Not quite. But I think I’m finally figuring out how to drive my wife’s Prius Prime.
Above is the gas mileage on my wife’s Prius Prime, after a round trip from Vienna VA to Harper’s Ferry WV. This is all after resetting the odometer once the battery was depleted. So it’s straight-up gas mileage.
This trip contained a short section of high-speed driving, but was mostly hilly primary and secondary roads in western Virginia and West Virginia. And I think I finally understand how I’m getting such great mileage.
The Prius Prime loves hilly roads. It is an excellent car for a particular style of pulse-and-glide driving.
Potential energy pulse-and-glide
Pulse-and-glide is a hypermiling technique, that is, a method of driving a vehicle to get maximum gas mileage. It is always — and incorrectly, as I explain below — characterized as repeated cycles of accelerating and coasting. In the most efficient case, the “pulse” portion is run at the gas engine’s most efficient load, and the “glide” portion is run with the gas engine shut off.
It is well-established that pulse-and-glide can deliver substantially better gas mileage than driving at a steady speed (e.g., reference).
It’s also generally acknowledged that pulse-and-glide is a stupidly dangerous way to drive on the highway. It involves alternately speeding past traffic, followed by being an obstacle to traffic.
But accelerating and coasting is not the only way to do pulse-and-glide.
At root, pulse-and-glide alternately stores and releases energy. During the pulse, you run the gas engine loaded for peak efficiency, and store that energy in the form of kinetic energy (speed). In the glide, you release that kinetic energy to overcome friction, with the gas engine shut down.
Done correctly, the gas engine only runs at its most efficient loading. This is why the gas mileage from pulse-and-glide will typically be substantially better than the mileage from running at constant speed. At constant speed, virtually every vehicle on the road today will be inefficiently lightly loaded. With pulse-and-glide, you can achieve the same average speed, with less gas, because you only run the gas engine efficiently.

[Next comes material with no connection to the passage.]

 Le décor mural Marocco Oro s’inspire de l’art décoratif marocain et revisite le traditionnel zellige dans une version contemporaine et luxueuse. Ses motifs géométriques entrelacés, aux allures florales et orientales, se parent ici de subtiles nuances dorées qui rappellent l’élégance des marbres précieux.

But you can do the exactly same thing using potential energy, not kinetic energy. That is, as height, not speed. Virtually all discussion of pulse-and-glide ignores this. But as far as the car is concerned, there’s no difference between coasting on the flat with the gas engine off, and coasting down a hill with the gas engine off.
It’s not as if this is some cosmic concept. It’s not even new. Back in the 1970s energy crises, plenty of folks with manual transmissions got in the habit of taking the car out of gear on the downhills. And coasting. (Even though that is, strictly speaking, totally illegal.)

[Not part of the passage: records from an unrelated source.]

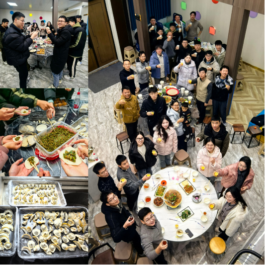 12:00,一场充满年味的“包饺子大会”温情上演。大家共同参与、相互帮助,创意颇多、形态各异的饺子在欢声笑语中逐渐堆满餐盘。亲手包制的饺子搭配美味的菜品,鲜香四溢,每一口都承载着团队的温暖。大家围坐共餐,在畅谈中,同门情谊愈发浓厚。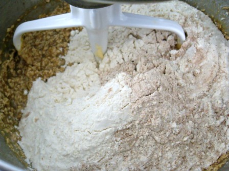 Cernir la harina junto con el polvo de hornear, bicarbonato, sal, canela, jengibre y nuez moscada. Bajar la velocidad de la batidora y agregar los ingredientes lo ingredientes secos. Mezclar hasta integrar.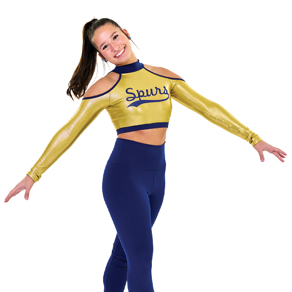 Cold shoulder crop top with accenting trim around the shoulders and bottom band. Price does not include the chest design.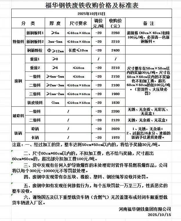 河南鄭州福華通知:明日起廢鋼暫停收購(gòu)。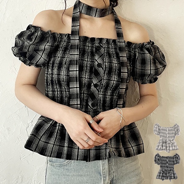 チェック柄パフスリーブオフショルダーブラウス

The heavy-duty electrical portion of the Prius Prime means that you can do this safely, that is, at more-or-less constant speed. (And with the engine instantly engaged with the drive train, in case you need it.) On the uphills, you load the gas engine heavily, building a bit of speed and charging the traction battery. Near the top of the hill, you briefly lift your foot off the gas, which snaps the car into EV (electrical) mode and shuts off the gas engine. (One of American’s champion hypermilers termed this maneuver the “forced auto-stop”.) You complete the rest of the cycle with a light touch on the gas pedal, keeping the car in EV mode — gas engine off — at more-or-less constant speed.
Repeat on the next uphill.
To some degree, the Prius will do this on its own. The only art here is to encourage the car to keep the gas engine shut down over an efficiently large portion of each uphill/downhill cycle.
The idea is almost exactly the same as classical pulse-and-glide. You try to use the engine only with an efficiently large load on it. Otherwise, you shut it down.
This has a twist, in that the generation/storage/use of electricity involves losses. So there is an efficiency penalty for using the electrical portion of the car to maintain constant speed. But I think that more than pays for itself by allowing you do get some pulse-and-glide efficiency without being a pain in the ass for all the other drivers on the road. Something you can’t do with classic pulse-and-glide.
The results are nice, but not exactly staggering. This car will routinely get 65 MPG anyway. All this tells me is that, on the right terrain, it’s not hugely difficult to stretch the Prius Prime gas mileage out to 80 MPG, more-or-less. Which means that for every 100 miles, this saves you about a quart of gasoline. Nice, but not exactly a solution for global warming.